Scanning devices often produce point clouds exhibiting highly uneven distributions of point samples across the surfaces being captured. Different point cloud subsampling techniques have been proposed to generate more evenly distributed samples. Poisson-disk sampling approaches assign each sample a cost value so that subsampling reduces to sorting the samples by cost and then removing the desired ratio of samples with the highest cost. Unfortunately, these approaches compute the sample cost using pairwise distances of the points within a constant search radius, which is very costly for massive point clouds with uneven densities. In this paper, we revisit Poisson-disk sampling for point clouds. Instead of optimizing for equal densities, we propose to maximize the distance to the closest point, which is equivalent to estimating the local point density as a value inversely proportional to this distance. This algorithm can be efficiently implemented using k nearest-neighbors searches.
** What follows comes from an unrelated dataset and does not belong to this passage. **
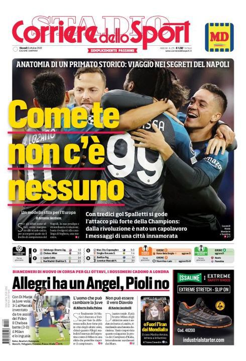 Il Corriere dello Sport, edizione Campania, ha dedicato spazio in prima pagina al Napoli: "Come te non c'è nessuno. Anatomia di un primato storico: viaggio nei segreti del Napoli. Con tredici gol Spalletti si gode l'attacco più forte della Champions: dalla rivoluzione è nato un capolavoro. I messaggi di una città innamorata".

Besides a kd-tree, our algorithm also uses a voxelization to speed up the searches required to compute per-sample costs. We propose a new strategy to minimize cost updates that is amenable for out-of-core operation. We demonstrate the benefits of our approach in terms of performance, scalability, and output quality. We also discuss extensions based on adding orientation-based and color-based terms to the cost function.